# Fliegendes Blatt auf Betrachter zu (AfterEffects)



## janoc (10. April 2008)

Immer diese Thread-Titel 

Ich möchte für eine Animation – erstelle ich in AfterEffects – folgende Szene realisieren: von einem Stapel Papier wird ein Blatt weggeweht, das flattert durch die Luft auf den Betrachter zu und bleibt dann "am Bildschirm" kleben um dann div. Text-Infos einzublenden. 
Der Flatterflug vom Blatt soll "realistisch" aussehen, also nicht allzu gekünstelt.

Gedanke 1: Ich schau mich um ob ich so eine Szene als Footage einkaufen kann – hätte da vielleicht jemand einen Link parat (ich muss zugeben dass ich außer bei istockphoto noch nirgends nachgesehen hab)?

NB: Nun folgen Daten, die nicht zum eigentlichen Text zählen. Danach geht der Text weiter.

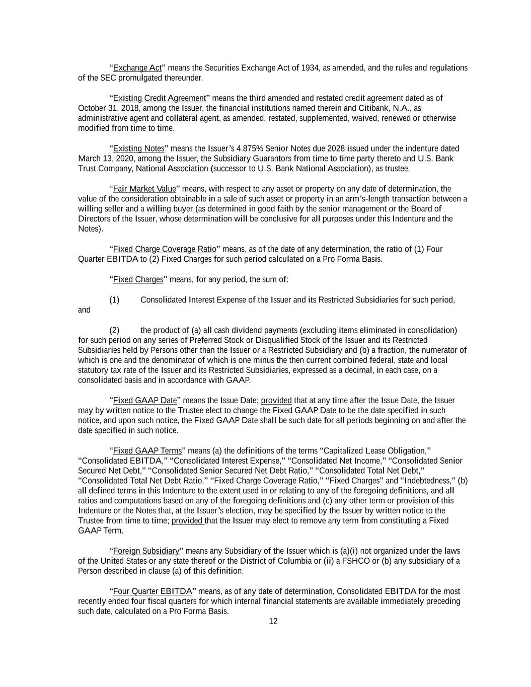 12 “Exchange Act” means the Securities Exchange Act of 1934, as amended, and the rules and regulations of the SEC promulgated thereunder. “Existing Credit Agreement” means the third amended and restated credit agreement dated as of October 31, 2018, among the Issuer, the financial institutions named therein and Citibank, N.A., as administrative agent and collateral agent, as amended, restated, supplemented, waived, renewed or otherwise modified from time to time. “Existing Notes” means the Issuer’s 4.875% Senior Notes due 2028 issued under the indenture dated March 13, 2020, among the Issuer, the Subsidiary Guarantors from time to time party thereto and U.S. Bank Trust Company, National Association (successor to U.S. Bank National Association), as trustee. “Fair Market Value” means, with respect to any asset or property on any date of determination, the value of the consideration obtainable in a sale of such asset or property in an arm’s-length transaction between a willing seller and a willing buyer (as determined in good faith by the senior management or the Board of Directors of the Issuer, whose determination will be conclusive for all purposes under this Indenture and the Notes). “Fixed Charge Coverage Ratio” means, as of the date of any determination, the ratio of (1) Four Quarter EBITDA to (2) Fixed Charges for such period calculated on a Pro Forma Basis. “Fixed Charges” means, for any period, the sum of: (1) Consolidated Interest Expense of the Issuer and its Restricted Subsidiaries for such period, and (2) the product of (a) all cash dividend payments (excluding items eliminated in consolidation) for such period on any series of Preferred Stock or Disqualified Stock of the Issuer and its Restricted Subsidiaries held by Persons other than the Issuer or a Restricted Subsidiary and (b) a fraction, the numerator of which is one and the denominator of which is one minus the then current combined federal, state and local statutory tax rate of the Issuer and its Restricted Subsidiaries, expressed as a decimal, in each case, on a consolidated basis and in accordance with GAAP. “Fixed GAAP Date” means the Issue Date; provided that at any time after the Issue Date, the Issuer may by written notice to the Trustee elect to change the Fixed GAAP Date to be the date specified in such notice, and upon such notice, the Fixed GAAP Date shall be such date for all periods beginning on and after the date specified in such notice. “Fixed GAAP Terms” means (a) the definitions of the terms “Capitalized Lease Obligation,” “Consolidated EBITDA,” “Consolidated Interest Expense,” “Consolidated Net Income,” “Consolidated Senior Secured Net Debt,” “Consolidated Senior Secured Net Debt Ratio,” “Consolidated Total Net Debt,” “Consolidated Total Net Debt Ratio,” “Fixed Charge Coverage Ratio,” “Fixed Charges” and “Indebtedness,” (b) all defined terms in this Indenture to the extent used in or relating to any of the foregoing definitions, and all ratios and computations based on any of the foregoing definitions and (c) any other term or provision of this Indenture or the Notes that, at the Issuer’s election, may be specified by the Issuer by written notice to the Trustee from time to time; provided that the Issuer may elect to remove any term from constituting a Fixed GAAP Term. “Foreign Subsidiary” means any Subsidiary of the Issuer which is (a)(i) not organized under the laws of the United States or any state thereof or the District of Columbia or (ii) a FSHCO or (b) any subsidiary of a Person described in clause (a) of this definition. “Four Quarter EBITDA” means, as of any date of determination, Consolidated EBITDA for the most recently ended four fiscal quarters for which internal financial statements are available immediately preceding such date, calculated on a Pro Forma Basis.
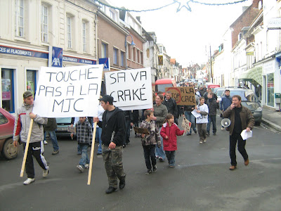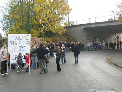 Il est 10 h 45, devant la MJC. Une petite foule s’est formée. La banderole qui orne l’entrée du bâtiment est toujours là. Slogans, itinéraire, le directeur Bernard Desbois règle les derniers détails, pendant que d’autres rassemblent les pancartes. Plus de vingt minutes plus tard et avec un peu de retard sur l’horaire prévu, le cortège se met en branle pour le défilé, compacté sur la voie de droite de la chaussée. En tête, une douzaine de jeunes brandissent des pancartes « Stop à la cace », « Sa va craké ». Et en tête, le mot d’ordre de la mobilisation depuis le début : « Touche pas à la MJC ». Armé d’un mégaphone, Bernard Desbois lance les slogans, repris avec force par les jeunes mais qui peinent à trouver écho dans le reste du cortège, étiré et donc un peu clairsemé. « Saint-Pol avec nous ! », s’égosillent trois jeunes filles au premier rang. Le directeur de la MJC est enthousiaste : « On est nombreux, le 8 novembre va faire date à Saint-Pol ».
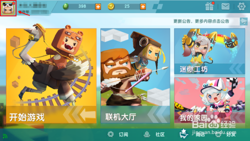 更新完毕后,打开迷你宿世界游戏,接着点击左上角小我头像。
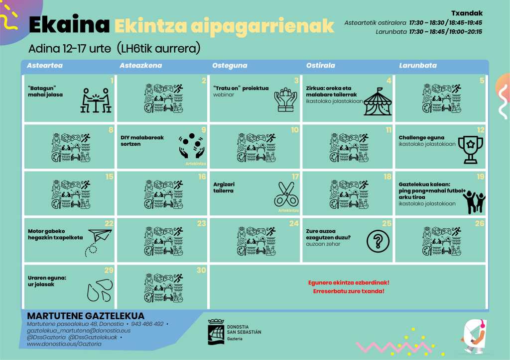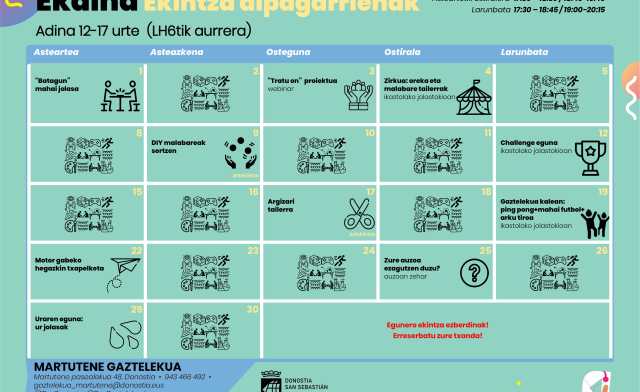 Archivado en Aisialdia/Ocio, Auzobizitza/Vida de barrio, Bizilagunak/Ciudadanos, Ekintzak/Actividades, Eragile sozialak/Agentes Sociales, Etxarriene, Gazteleku, Partaidetza/Participación, Zerbitzuak/Servicios · Tagged with ekaina, gaztelekua, junio, martutene, programación, programaketa, programazioa

Gedanke 2: Ich stelle mich mit der Videokamera, einem Stapel Papier und einem Ventilator hin und versuch das zu filmen. (Könnt mühsam werden ... 
Wobei eher andersrum vielleciht? Kamara hoch oben, Blik senkrecht nach unten, Blatt davor halten und fallen lassen; das dann rückwärts. Kann das funktionieren? Hat das vielleicht jemand schon mal gemacht?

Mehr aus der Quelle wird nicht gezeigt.